• EXERCISE DIRECTIONS:
Any images in the material are to be dropped while every line is retyped exactly.
******
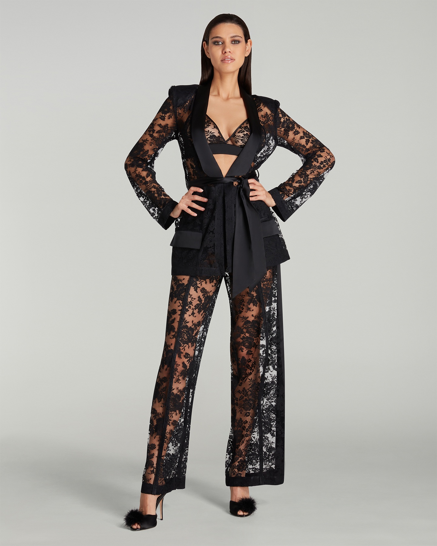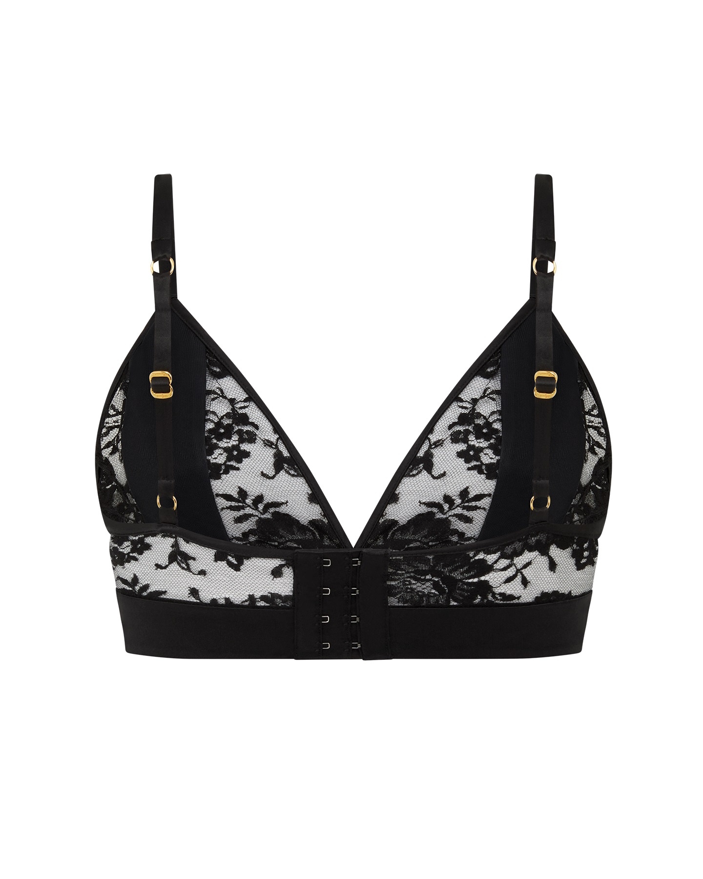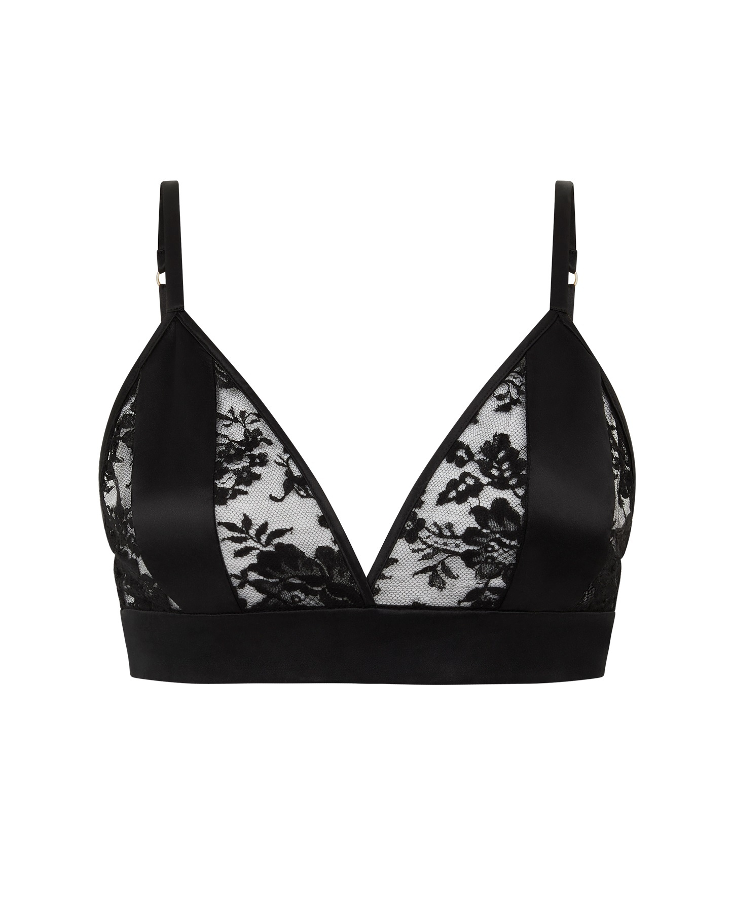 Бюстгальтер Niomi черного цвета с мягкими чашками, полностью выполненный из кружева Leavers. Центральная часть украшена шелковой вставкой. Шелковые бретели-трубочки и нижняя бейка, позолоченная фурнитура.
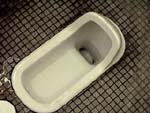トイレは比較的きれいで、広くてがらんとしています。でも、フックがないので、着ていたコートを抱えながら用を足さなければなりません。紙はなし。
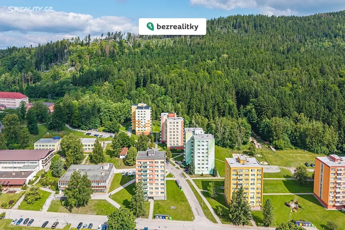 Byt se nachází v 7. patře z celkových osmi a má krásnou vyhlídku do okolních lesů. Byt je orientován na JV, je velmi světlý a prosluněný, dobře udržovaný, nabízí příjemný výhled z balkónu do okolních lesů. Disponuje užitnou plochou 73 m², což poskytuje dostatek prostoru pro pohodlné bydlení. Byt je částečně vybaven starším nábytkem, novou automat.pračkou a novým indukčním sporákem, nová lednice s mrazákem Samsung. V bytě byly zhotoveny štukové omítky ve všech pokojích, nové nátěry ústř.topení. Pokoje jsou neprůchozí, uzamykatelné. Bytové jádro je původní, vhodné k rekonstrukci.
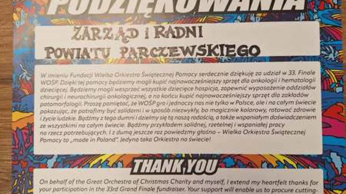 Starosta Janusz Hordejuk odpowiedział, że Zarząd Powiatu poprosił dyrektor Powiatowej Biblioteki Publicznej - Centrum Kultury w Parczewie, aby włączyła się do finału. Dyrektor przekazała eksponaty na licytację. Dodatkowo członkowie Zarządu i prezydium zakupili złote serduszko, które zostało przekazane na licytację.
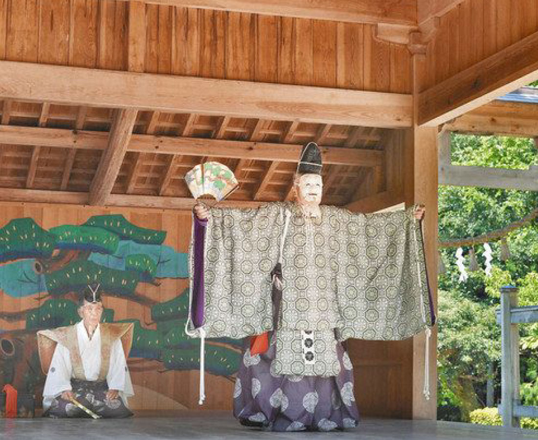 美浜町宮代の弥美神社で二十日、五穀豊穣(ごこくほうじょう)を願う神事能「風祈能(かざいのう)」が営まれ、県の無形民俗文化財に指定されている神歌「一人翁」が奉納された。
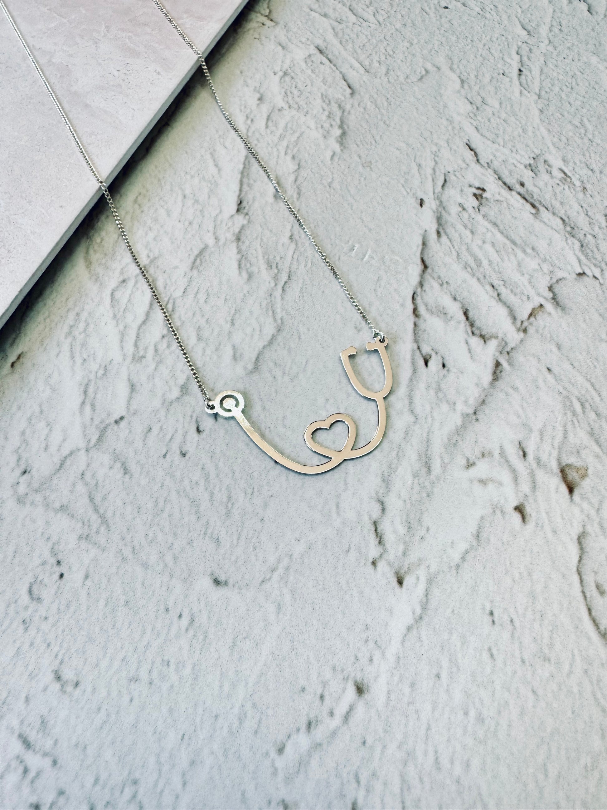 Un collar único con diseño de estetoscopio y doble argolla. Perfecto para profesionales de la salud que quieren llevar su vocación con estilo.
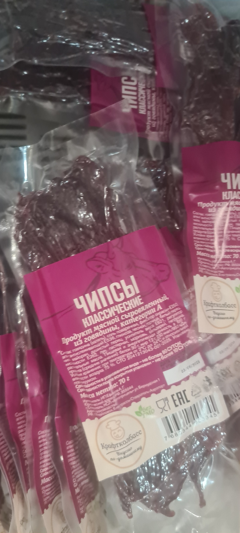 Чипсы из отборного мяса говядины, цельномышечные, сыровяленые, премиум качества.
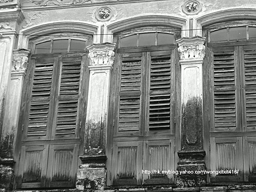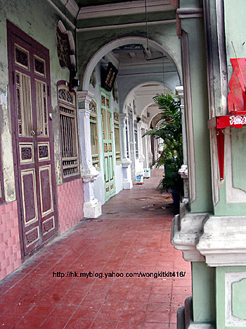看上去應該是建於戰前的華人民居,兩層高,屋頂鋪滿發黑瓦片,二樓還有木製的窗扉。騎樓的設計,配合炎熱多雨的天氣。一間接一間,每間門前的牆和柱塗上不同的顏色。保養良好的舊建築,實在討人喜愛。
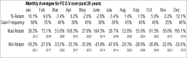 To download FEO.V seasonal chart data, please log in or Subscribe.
******
• TASK OUTPUT:
 Бюстгальтер Niomi черного цвета с мягкими чашками, полностью выполненный из кружева Leavers. Центральная часть украшена шелковой вставкой. Шелковые бретели-трубочки и нижняя бейка, позолоченная фурнитура.
トイレは比較的きれいで、広くてがらんとしています。でも、フックがないので、着ていたコートを抱えながら用を足さなければなりません。紙はなし。
 Byt se nachází v 7. patře z celkových osmi a má krásnou vyhlídku do okolních lesů. Byt je orientován na JV, je velmi světlý a prosluněný, dobře udržovaný, nabízí příjemný výhled z balkónu do okolních lesů. Disponuje užitnou plochou 73 m², což poskytuje dostatek prostoru pro pohodlné bydlení. Byt je částečně vybaven starším nábytkem, novou automat.pračkou a novým indukčním sporákem, nová lednice s mrazákem Samsung. V bytě byly zhotoveny štukové omítky ve všech pokojích, nové nátěry ústř.topení. Pokoje jsou neprůchozí, uzamykatelné. Bytové jádro je původní, vhodné k rekonstrukci.
 Starosta Janusz Hordejuk odpowiedział, że Zarząd Powiatu poprosił dyrektor Powiatowej Biblioteki Publicznej - Centrum Kultury w Parczewie, aby włączyła się do finału. Dyrektor przekazała eksponaty na licytację. Dodatkowo członkowie Zarządu i prezydium zakupili złote serduszko, które zostało przekazane na licytację.
 美浜町宮代の弥美神社で二十日、五穀豊穣(ごこくほうじょう)を願う神事能「風祈能(かざいのう)」が営まれ、県の無形民俗文化財に指定されている神歌「一人翁」が奉納された。
 Un collar único con diseño de estetoscopio y doble argolla. Perfecto para profesionales de la salud que quieren llevar su vocación con estilo.
 Чипсы из отборного мяса говядины, цельномышечные, сыровяленые, премиум качества.
看上去應該是建於戰前的華人民居,兩層高,屋頂鋪滿發黑瓦片,二樓還有木製的窗扉。騎樓的設計,配合炎熱多雨的天氣。一間接一間,每間門前的牆和柱塗上不同的顏色。保養良好的舊建築,實在討人喜愛。
 To download FEO.V seasonal chart data, please log in or Subscribe.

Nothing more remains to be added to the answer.